ERD Commander is a dream come true for NT administrators who long for the days of booting DOS disks to recover wayward DOS and Windows 95 installations. This command-line-based utility boots from a 3.5" disk and can read and write to NTFS volumes. Screen 4 shows ERD Commander's interface. The Professional Edition of this utility includes several enhanced features, such as support for fault-tolerant disk sets (i.e., disk sets using NT's ftdisk.sys driver), the ability to run Chkdsk, password recovery, support for FAT32 volumes, support for the Expand utility, and command-line options that let you selectively control or disable the startup state of services and drivers.
Remote Recover is the newest Winternals recovery-utility product. This utility provides a custom boot disk that includes Network driver interface specification (NDIS 2) driver support to let you remotely access an unstartable system's NTFS volumes over the network. This support lets Remote Recover remotely access the system and perform recovery functions similar to NTRecover and ERD Commander.
Don't Rule Out Hardware
Making assumptions about server disaster recovery is dangerous. For example, when you're dealing with a blue-screened NT installation, assuming that the problem is software-related is easy. However, defective hardware or hardware-related events (e.g., a failing hard disk or disk controller, bad main memory or cache RAM, overly aggressive BIOS performance settings) might be the culprit. By displaying STOP codes that don't indicate hardware as the problem's source, hardware-related blue screens sometimes masquerade as software-related failures.

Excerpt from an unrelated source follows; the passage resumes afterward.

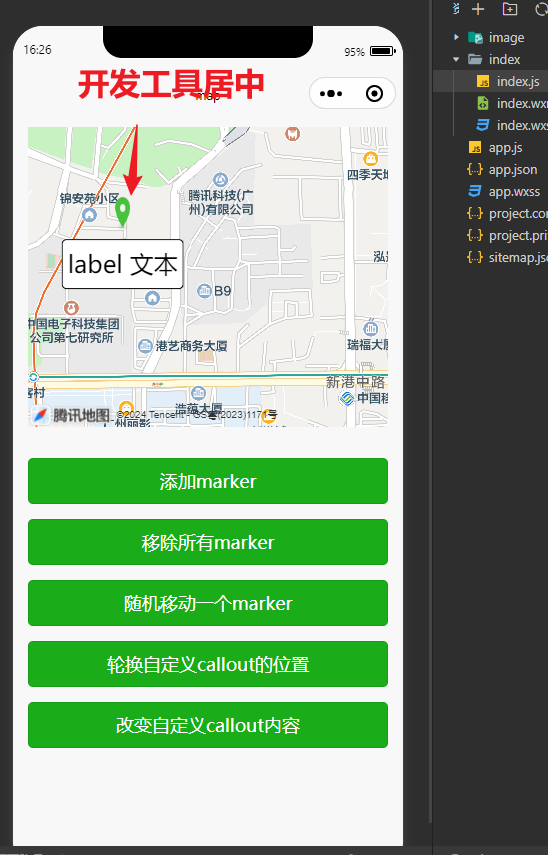 以真机为主,开发者工具有时候map组件的一些效果显示不出来,或者有误,你上面的代码片段我在开发者工具和ios17上预览都是居中的

Hardware-related problems are especially suspect if you have recently changed hardware or a power-related event has occurred (e.g., a full outage or series of voltage sags or spikes). For example, suppose you installed a new fax board in your server last week, and the fax board worked fine during your testing. However, a week later, the server blue screens and the STOP error message doesn't point you to a particular service, driver, or hardware component. The malefactor might be a hardware-related problem with the fax board or the interaction with its driver that occurs only under a heavy traffic load. In a situation like this one, assuming that NT has become damaged is easy. However, if you're fighting a hardware battle with software weapons (e.g., restoring the Registry, reinstalling NT), you might end up chasing your tail for a long time.
Be Proactive
In part 1 and in this article, I've shown you advanced techniques and utilities that you can employ in emergency situations in which an NT system refuses to boot. More important, I've discussed proactive measures that you can take now to increase your chances of performing a successful system recovery as well as reduce the amount of time that a recovery operation will take. Microsoft's documentation covers traditional recovery techniques, such as using NT Setup Repair and restoring the Last Known Good configuration, but these measures often prove insufficient. If you perform proactive disaster preparation measures, you might never have to use Microsoft's recovery techniques.